### TASK DIRECTIONS:
Which lines below fall between the one containing "These hats use" and the one containing "기술사 시험은 자기 자신과의"? Repeat them exactly, counting both of those lines, and add nothing else.

### PROVIDED RECORDS:
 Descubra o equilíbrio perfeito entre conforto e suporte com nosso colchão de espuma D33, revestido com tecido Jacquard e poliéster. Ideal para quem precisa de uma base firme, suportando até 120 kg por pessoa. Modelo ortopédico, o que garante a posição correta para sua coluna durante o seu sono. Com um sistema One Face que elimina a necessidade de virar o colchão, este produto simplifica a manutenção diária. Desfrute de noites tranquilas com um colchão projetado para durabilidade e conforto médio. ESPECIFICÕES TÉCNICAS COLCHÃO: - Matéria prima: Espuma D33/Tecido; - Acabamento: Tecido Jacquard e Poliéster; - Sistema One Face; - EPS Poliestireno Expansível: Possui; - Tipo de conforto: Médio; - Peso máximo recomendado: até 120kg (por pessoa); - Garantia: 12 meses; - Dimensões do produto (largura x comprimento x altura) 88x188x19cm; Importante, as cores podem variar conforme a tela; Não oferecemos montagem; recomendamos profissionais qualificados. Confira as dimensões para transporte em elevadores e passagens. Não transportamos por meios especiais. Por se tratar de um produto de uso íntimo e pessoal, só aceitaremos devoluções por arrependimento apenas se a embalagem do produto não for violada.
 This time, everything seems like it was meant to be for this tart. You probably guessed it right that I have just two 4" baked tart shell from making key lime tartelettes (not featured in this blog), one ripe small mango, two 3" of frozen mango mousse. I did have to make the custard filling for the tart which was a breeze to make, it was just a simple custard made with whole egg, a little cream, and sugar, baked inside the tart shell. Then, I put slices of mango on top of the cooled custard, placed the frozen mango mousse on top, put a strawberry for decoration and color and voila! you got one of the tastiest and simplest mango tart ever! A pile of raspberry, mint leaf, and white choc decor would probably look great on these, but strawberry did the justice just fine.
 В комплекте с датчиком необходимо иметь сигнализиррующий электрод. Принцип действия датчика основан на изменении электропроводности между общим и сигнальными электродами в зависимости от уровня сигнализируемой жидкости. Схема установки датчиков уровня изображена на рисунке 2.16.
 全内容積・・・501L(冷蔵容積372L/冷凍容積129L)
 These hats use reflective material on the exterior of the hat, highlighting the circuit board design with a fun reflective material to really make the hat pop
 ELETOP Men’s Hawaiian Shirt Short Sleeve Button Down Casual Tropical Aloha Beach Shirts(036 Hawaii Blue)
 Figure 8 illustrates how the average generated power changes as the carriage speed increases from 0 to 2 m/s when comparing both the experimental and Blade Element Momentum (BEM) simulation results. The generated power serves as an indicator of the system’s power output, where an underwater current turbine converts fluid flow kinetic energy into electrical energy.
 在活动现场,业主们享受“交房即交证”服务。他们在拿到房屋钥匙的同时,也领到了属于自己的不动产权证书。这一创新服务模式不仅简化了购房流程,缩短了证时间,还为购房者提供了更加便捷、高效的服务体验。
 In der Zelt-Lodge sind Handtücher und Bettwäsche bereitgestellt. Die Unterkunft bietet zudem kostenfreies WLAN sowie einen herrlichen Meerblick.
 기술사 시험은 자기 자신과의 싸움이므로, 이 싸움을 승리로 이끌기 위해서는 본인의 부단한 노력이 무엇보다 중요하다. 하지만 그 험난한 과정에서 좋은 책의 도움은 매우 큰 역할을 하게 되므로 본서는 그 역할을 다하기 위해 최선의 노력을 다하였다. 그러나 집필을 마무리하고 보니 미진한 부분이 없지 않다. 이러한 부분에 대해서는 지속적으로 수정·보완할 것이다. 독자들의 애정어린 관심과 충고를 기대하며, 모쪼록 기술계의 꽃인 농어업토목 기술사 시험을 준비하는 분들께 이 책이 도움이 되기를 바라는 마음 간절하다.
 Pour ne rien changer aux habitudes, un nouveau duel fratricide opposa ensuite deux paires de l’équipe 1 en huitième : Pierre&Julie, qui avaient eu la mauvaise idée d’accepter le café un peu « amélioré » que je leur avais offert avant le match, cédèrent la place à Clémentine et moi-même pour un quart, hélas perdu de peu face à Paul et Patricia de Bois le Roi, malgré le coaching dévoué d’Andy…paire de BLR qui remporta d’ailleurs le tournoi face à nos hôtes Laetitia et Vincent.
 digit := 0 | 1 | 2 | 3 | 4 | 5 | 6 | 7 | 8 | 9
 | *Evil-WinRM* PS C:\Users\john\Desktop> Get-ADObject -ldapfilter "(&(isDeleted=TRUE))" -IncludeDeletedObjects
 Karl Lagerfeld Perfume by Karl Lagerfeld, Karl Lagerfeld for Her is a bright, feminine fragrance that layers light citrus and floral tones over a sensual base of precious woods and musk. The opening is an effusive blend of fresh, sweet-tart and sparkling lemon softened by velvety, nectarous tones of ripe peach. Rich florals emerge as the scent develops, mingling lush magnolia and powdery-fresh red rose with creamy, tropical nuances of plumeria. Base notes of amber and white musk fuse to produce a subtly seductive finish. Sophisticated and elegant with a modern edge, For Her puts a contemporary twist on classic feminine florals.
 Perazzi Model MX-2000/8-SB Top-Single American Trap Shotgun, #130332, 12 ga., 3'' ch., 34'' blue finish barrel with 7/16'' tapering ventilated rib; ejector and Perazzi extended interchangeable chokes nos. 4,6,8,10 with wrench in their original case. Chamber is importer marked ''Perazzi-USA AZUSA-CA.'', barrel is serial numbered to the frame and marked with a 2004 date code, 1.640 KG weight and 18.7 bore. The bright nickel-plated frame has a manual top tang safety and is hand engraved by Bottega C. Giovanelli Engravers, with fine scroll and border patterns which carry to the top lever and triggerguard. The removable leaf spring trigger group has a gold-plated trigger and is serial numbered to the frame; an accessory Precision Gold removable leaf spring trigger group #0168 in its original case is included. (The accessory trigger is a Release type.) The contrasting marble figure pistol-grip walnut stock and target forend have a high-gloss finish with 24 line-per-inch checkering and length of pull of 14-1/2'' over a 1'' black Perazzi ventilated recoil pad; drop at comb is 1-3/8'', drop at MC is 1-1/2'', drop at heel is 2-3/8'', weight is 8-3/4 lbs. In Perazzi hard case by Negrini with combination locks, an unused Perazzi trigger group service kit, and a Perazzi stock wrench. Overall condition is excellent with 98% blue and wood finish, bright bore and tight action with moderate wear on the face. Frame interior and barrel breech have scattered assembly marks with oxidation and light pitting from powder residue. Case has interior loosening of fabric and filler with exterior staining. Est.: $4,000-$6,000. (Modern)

### RESPONSE TO THE TASK:
 These hats use reflective material on the exterior of the hat, highlighting the circuit board design with a fun reflective material to really make the hat pop
 ELETOP Men’s Hawaiian Shirt Short Sleeve Button Down Casual Tropical Aloha Beach Shirts(036 Hawaii Blue)
 Figure 8 illustrates how the average generated power changes as the carriage speed increases from 0 to 2 m/s when comparing both the experimental and Blade Element Momentum (BEM) simulation results. The generated power serves as an indicator of the system’s power output, where an underwater current turbine converts fluid flow kinetic energy into electrical energy.
 在活动现场,业主们享受“交房即交证”服务。他们在拿到房屋钥匙的同时,也领到了属于自己的不动产权证书。这一创新服务模式不仅简化了购房流程,缩短了证时间,还为购房者提供了更加便捷、高效的服务体验。
 In der Zelt-Lodge sind Handtücher und Bettwäsche bereitgestellt. Die Unterkunft bietet zudem kostenfreies WLAN sowie einen herrlichen Meerblick.
 기술사 시험은 자기 자신과의 싸움이므로, 이 싸움을 승리로 이끌기 위해서는 본인의 부단한 노력이 무엇보다 중요하다. 하지만 그 험난한 과정에서 좋은 책의 도움은 매우 큰 역할을 하게 되므로 본서는 그 역할을 다하기 위해 최선의 노력을 다하였다. 그러나 집필을 마무리하고 보니 미진한 부분이 없지 않다. 이러한 부분에 대해서는 지속적으로 수정·보완할 것이다. 독자들의 애정어린 관심과 충고를 기대하며, 모쪼록 기술계의 꽃인 농어업토목 기술사 시험을 준비하는 분들께 이 책이 도움이 되기를 바라는 마음 간절하다.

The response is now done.